Monday, August 11, 2008
monday book review: a thousand splendid suns, by khaled hosseini
Truth be told, I wasn't particularly looking forward to reading A Thousand Splendid Suns.  It's not that the novel's premise didn't interest me - it did - however, I was largely underwhelmed by The Kite Runner and wasn't really interested in hearing more from this particular author. But as it so often does, my curiosity won out in the end, and I decided to give Hosseini a second chance to wow me.  And expectations are a funny thing. I had such high hopes for The Kite Runner that it couldn't help but disappoint, so I then approached A Thousand Splendid Suns with such low expectations that it had a relatively easy time pleasing me.  So, I guess that's the life lesson here: if you want to be happy, it's probably best to keep your expectations low

First, I feel it necessary to point out that the same things that bugged me about The Kite Runner ultimately bothered me in A Thousand Splendid Suns.  In my experience, reading a Hosseini novel feels a bit like watching a Lifetime Original Movie: it can be a very entertaining way to spend one's time, however with foreshadowing that clunky, a plot that annoyingly predicable and a resolution that neat, it's really sort of impossible to take the whole thing too seriously, regardless of how timely or unique the subject matter.  

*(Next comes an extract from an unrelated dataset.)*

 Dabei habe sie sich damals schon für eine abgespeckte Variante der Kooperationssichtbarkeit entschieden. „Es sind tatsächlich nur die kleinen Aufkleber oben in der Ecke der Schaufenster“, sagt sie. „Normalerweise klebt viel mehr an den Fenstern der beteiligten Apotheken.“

But that's not to say that there aren't things worth praising, and to prove that I'm not just being contrary for contrariness's sake here are three things I loved about A Thousand Splendid Suns:

#1: The Female Element
I don't know about you, but it drives me crazy when male authors say they don't write females because they don't understand them.  Like we're so incredibly complex, so wildly different, so...alien that we can't possibly be rendered realistically by a male author.  Good fiction writing demands an empathetic imagination, and writing what you know is easy.  Ignoring 50% of the world's population simply because you aren't in that particular group is lazy and lame.  I love that Hosseini took a chance here by centering his novel around two fully formed, realistic and highly sympathetic female characters.  I'm sure it wasn't easy, but he took the risk and I think he did a great job.

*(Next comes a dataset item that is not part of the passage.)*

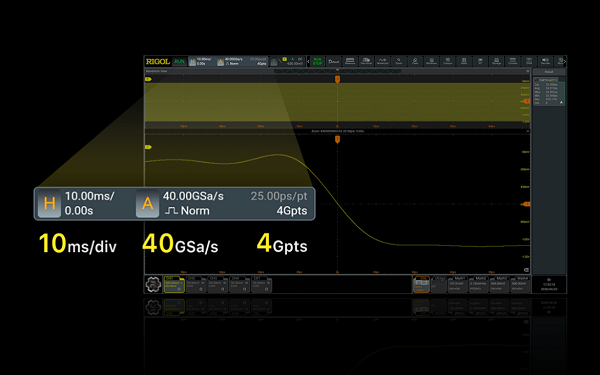DHO50000系列高分辨率数字示波器提供高达4Gpts的超大存储深度,支持100ms时长下40GSa/s的连续记录。搭配1,000,000wfms/s的波形捕获率,无论是复杂的长时序信号,还是低概率出现的偶发异常事件,均能实现精准抓取与全景呈现,真正做到“抓得到、看得全”。

#2: The Message of Female Unity and Empowerment
Hosseini didn't just create two female protagonists; he created two badass female protagonists. Timid Mariam comes from a childhood of abuse, extreme poverty and rejection, while outspoken Laila was born into a relatively modern, well-educated and loving family. These two very different women are brought together when separate tragedies force them to wed the same man, a man who submits them both to unspeakable abuse. Although their relationship is understandably rocky at first, they develop a incredibly tight bond that sustains them through their darkest moments.  In a society that is brutal and dehumanizing to women, Mariam and Laila become each other's saviors and refuse to stop fighting for themselves and for each other.  No man is coming to save them, so instead they save themselves.

#3: America Isn't the Goal
I hope I'm not giving too much away, but no, the war-weary characters don't find refuge in America. While it's wonderful that many refugees can and do escape the countries that oppress them, I think it's dangerously myopic to keep perpetuating this ethnocentric idea that 1) America (or any other Western country) is the ultimate solution the the Third World's problems, and 2) that all Third Worlders dream of escape. In the end, the characters in Hosseini's story elect to remain in Afghanistan. Despite all the havoc left in the Taliban's wake, they still love their country and they feel a certain sort of responsibility to stay behind and rebuild it.  There's plenty to admire about America, but there's plenty to admire about other countries and cultures as well, even those countries that may be a bit worse for the wear.

So in sum, maybe Khaled Hosseini hasn't bowled me over with his literary skills, but there's plenty to praise in A Thousand Splendid Suns.  It ain't perfect, but it's pretty good, and for what it's worth I think it's better than The Kite Runner.

Khaled Hosseini
2007, 367 pages

Labels: , ,


Blogger Mary said...

I was also surprised that I really liked this book. I like how pro-woman the author seems to be despite being from such a misogynistic society.